While you are normalizing your data, remember that InterBase offers direct support for array columns, so if your data includes, for example, hourly temperatures for twenty cities for a year, you could define a table with a character column that contains the city name, and a 24 by 366 matrix to hold all of the temperature data for one city for one year. This would result in a table containing 20 rows (one for each city) and two columns, one NAME column and one TEMP_ARRAY column. A normalized version of that record might have 366 rows per city, each of which would hold a city name, a Julian date, and 24 columns to hold the hourly temperatures.

Choose Indexes

Once you have your design, you need to consider what indexes are necessary. The basic trade-off with indexes is that more distinct indexes make retrieval by specific criteria faster, but updating and storage slower. One optimization is to avoid creating several indexes on the same column. For example, if you sometimes retrieve employees based on name, department, badge number, or department name, you should define one index for each of these columns. If a query includes more than one column value to retrieve, InterBase will use more than one index to qualify records. In contrast, defining indexes for every permutation of those three columns will actually slow both retrieval and update operations.

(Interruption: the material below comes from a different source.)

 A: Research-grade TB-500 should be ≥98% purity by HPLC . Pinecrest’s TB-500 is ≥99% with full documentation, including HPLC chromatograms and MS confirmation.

When you are testing your design to find the optimum combination of indexes, remember that the size of the tables affects the retrieval performance significantly. If you expect to have tables with 10,000 to 100,000 records each, do not run tests with only 10 to 100 records.

Another factor that affects index and data retrieval times is page size. By increasing the page size, you can store more records on each page, thus reducing the number of pages used by indexes. If any of your indexes are more than 4 levels deep, you should consider increasing the page size. If indexes on volatile data (data that is regularly deleted and restored, or data that has index key values that change frequently) are less than 3 levels deep, you should consider reducing your page size. In general, you should use a page size larger than your largest record, although InterBase data compression will generally shrink records that contain lots of string data, or lots of numeric values that are 0 or NULL. If your records have those characteristics, you can probably store records on pages which are 20% smaller than the full record size. On the other hand, if your records are not compressible, you should add 5% to the actual record size when comparing it to the page size.

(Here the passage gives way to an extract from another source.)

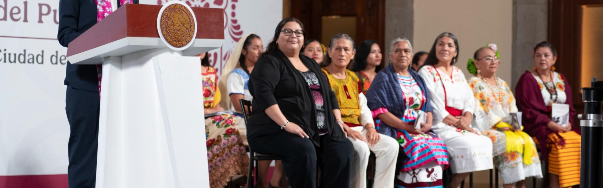 En la conferencia matutina, mujeres de los pueblos náhuatl, mazateco, otomí, p’urhépecha, mixe popoluca, chichimeca guachichil, yokot´an, maya y Pitahaya, leyeron la Cartilla de lo Derechos de las Mujeres que ha sido traducida a 35 lenguas originarias.

Incorporate Design Specifics

Increasing cache size
When InterBase reads a page from the database onto disk, it stores that page in its cache, which is a set of buffers that are reserved for holding database pages. Ordinarily, the default cache size of 255 buffers is adequate (though this default may be different on different platforms). If your application includes joins of 5 or more tables, InterBase automatically increases the size of the cache. If your application is well localized, that is, it uses the same small part of the database repeatedly, you may want to consider increasing the cache size so that you never have to release one page from cache to make room for another.

Creating a multi-file, distributed database
If you feel that your application performance is limited by disk bandwidth, you might consider creating a multi-file database and distributing it across several disks. Multi-file databases were designed to avoid limiting databases to the size of a disk on systems that do not support multi-disk files.